Nice! I was thinking of doing something similar, but I couldn’t find the time, nor fit it in less than 7 lines (you cheated! ).

I think that, to make it better, the number of iterations in `mandelbrot` has to increase the more one zooms in, otherwise the boundary of the fractal becomes too imprecise. Here is a complete version that does so:

``````using Plots
exprange(start, stop, len) = exp.(range(log(start), log(stop), length=len))
function mandelbrot(z; lim=75) w = z
for n = 1:lim;  abs2(w) < 4 ? w = w^2 + z : return n end
lim + 1
end
x₀, y₀ = -0.5626805, 0.6422555
anim = @animate for (r, l) in zip(exprange(2, 1.35e-6, 120), exprange(100, 2500, 120))
x = range(x₀-r, x₀+r; length=600); y = range(y₀-r, y₀+r; length=600);
heatmap(x, y, -log.(log.(mandelbrot.(x' .+ y .* im; lim=round(l))));
legend=:none, border=:none, ticks=:none, size=(600,600), ratio=1)
end
g = gif(anim; fps=12)
``````

Apparently I cannot attach the animated GIF file (which you can find here), so I include only the last frame:

10 Likes

Calculating a cross-correlation in any number of dimensions:

``````for I in CartesianIndices(img)
for J in CartesianIndices(kernel)    # kernel with centered indices
if I+J in CartesianIndices(img)
filtered[I] += img[I+J] * kernel[J]
end
end
end
``````

The code in action:

``````using OffsetArrays
using Makie

# A 3D "image" of random values (either 0 or 1)
img = rand([0.0, 1.0], 20, 60, 40)

# Plot
s1 = volume(img, algorithm=:iso, resolution=(800, 500))
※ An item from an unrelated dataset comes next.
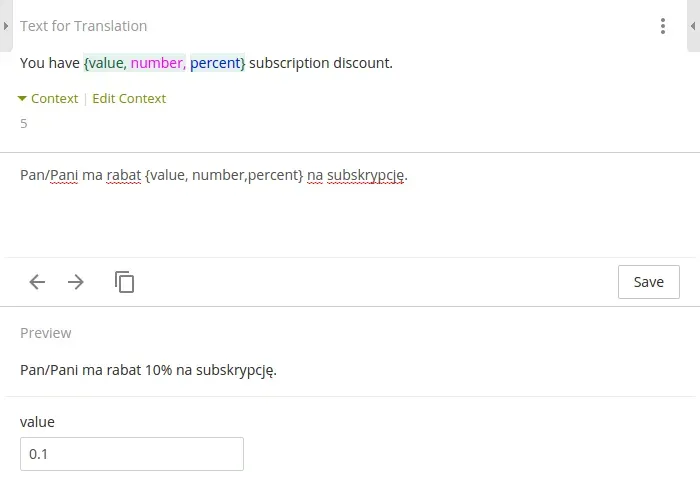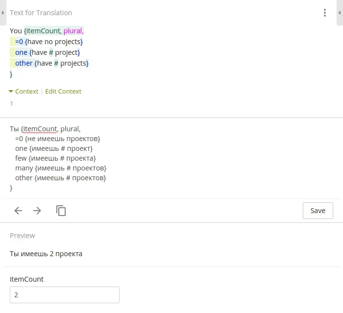 Crowdin recognizes ICU formats and with a help of really handy Pre-view option makes it possible to observe different variations. Syntax is also highlighted so it is very convenient to keep required areas within the sight and manage translations swiftly!

# Function to generate an N-dimensional kernel of uniform values that sum to 1
# The center of the hypercube will have indices (0, 0, ..., 0)
uniform_kernel(n, dim) = OffsetArray(fill(1/n^dim, fill(n, dim)...), fill(-n÷2-1, dim)...)

# 5x5x5 array of uniform values that sum to 1
kernel = uniform_kernel(5, 3) # 3 dimensions

filtered = zero(img)

for I in CartesianIndices(img)
for J in CartesianIndices(kernel)
if I+J in CartesianIndices(img)
filtered[I] += img[I+J] * kernel[J]
end
end
end

s2 = volume(filtered, algorithm=:iso, resolution=(800, 500))
``````

Original image:

Filtered image:

14 Likes

What about a simulation with balls bouncing against each other?
Or a simulation of moving people getting infected with a virus when they meet other people.